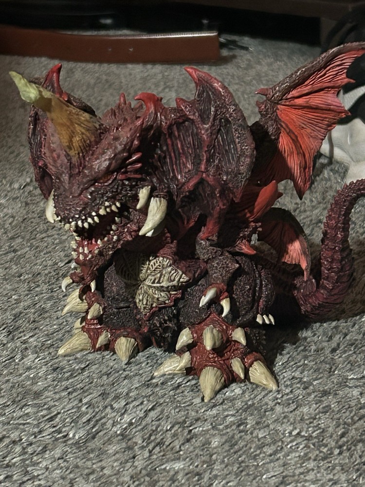 The Destroyah figure is a rare collectible from the Godzilla franchise, manufactured by Plex in Japan. This red-colored figure features the iconic character Destroyah and comes with its original box and instruction booklet, adding to its appeal as a sought-after item for fans of the series. With its 2019 release year, this piece is a valuable addition to any animation merchandise collection, particularly for those interested in TV, movie, and video game-themed memorabilia.
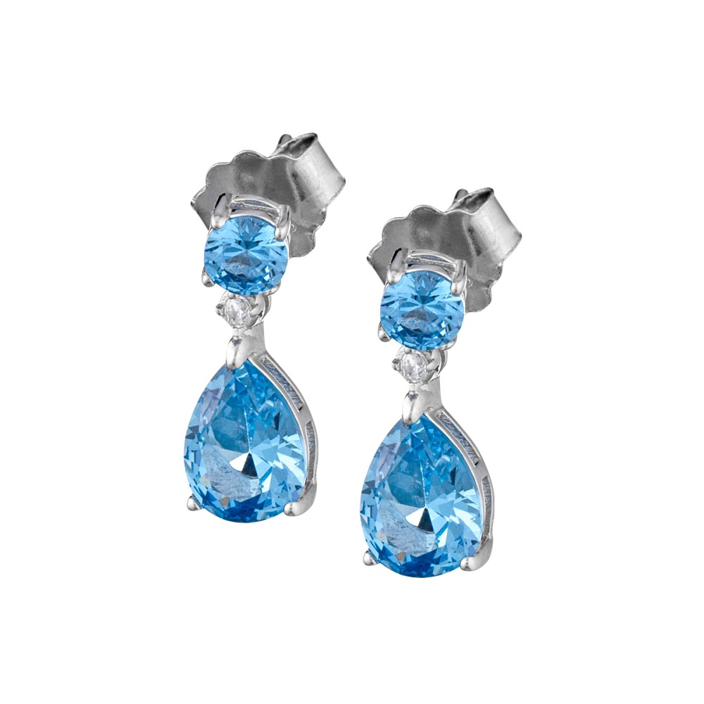 Gli Orecchini goccia azzurra - Emme sono costituiti da una luminosa pietra azzurra impreziosita da zirconi perimetrali.
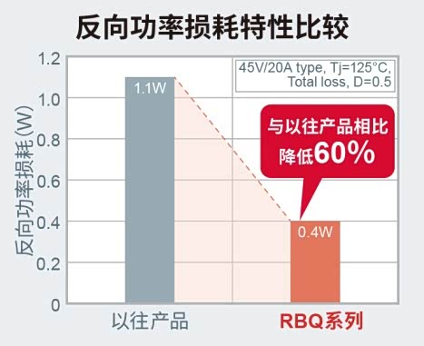 通过采用新工艺,RBR和RBQ系列与相同尺寸的ROHM以往产品相比,效率提高了25%,这两个系列的产品分别具有以下特点:
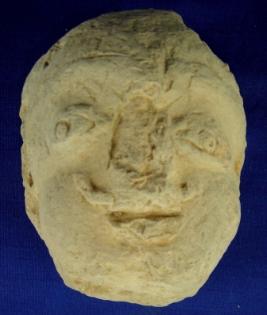 | Description / विवरण | Terracotta male head having a moustache, open eyes and open mouth. His nose and head are mutilated. |

## Problem description
Setting the pictures aside, return exactly the lines from the line with "通过采用新工艺,RBR和RB" through the last line of the listing above.

## Result of this exercise
 通过采用新工艺,RBR和RBQ系列与相同尺寸的ROHM以往产品相比,效率提高了25%,这两个系列的产品分别具有以下特点:
 | Description / विवरण | Terracotta male head having a moustache, open eyes and open mouth. His nose and head are mutilated. |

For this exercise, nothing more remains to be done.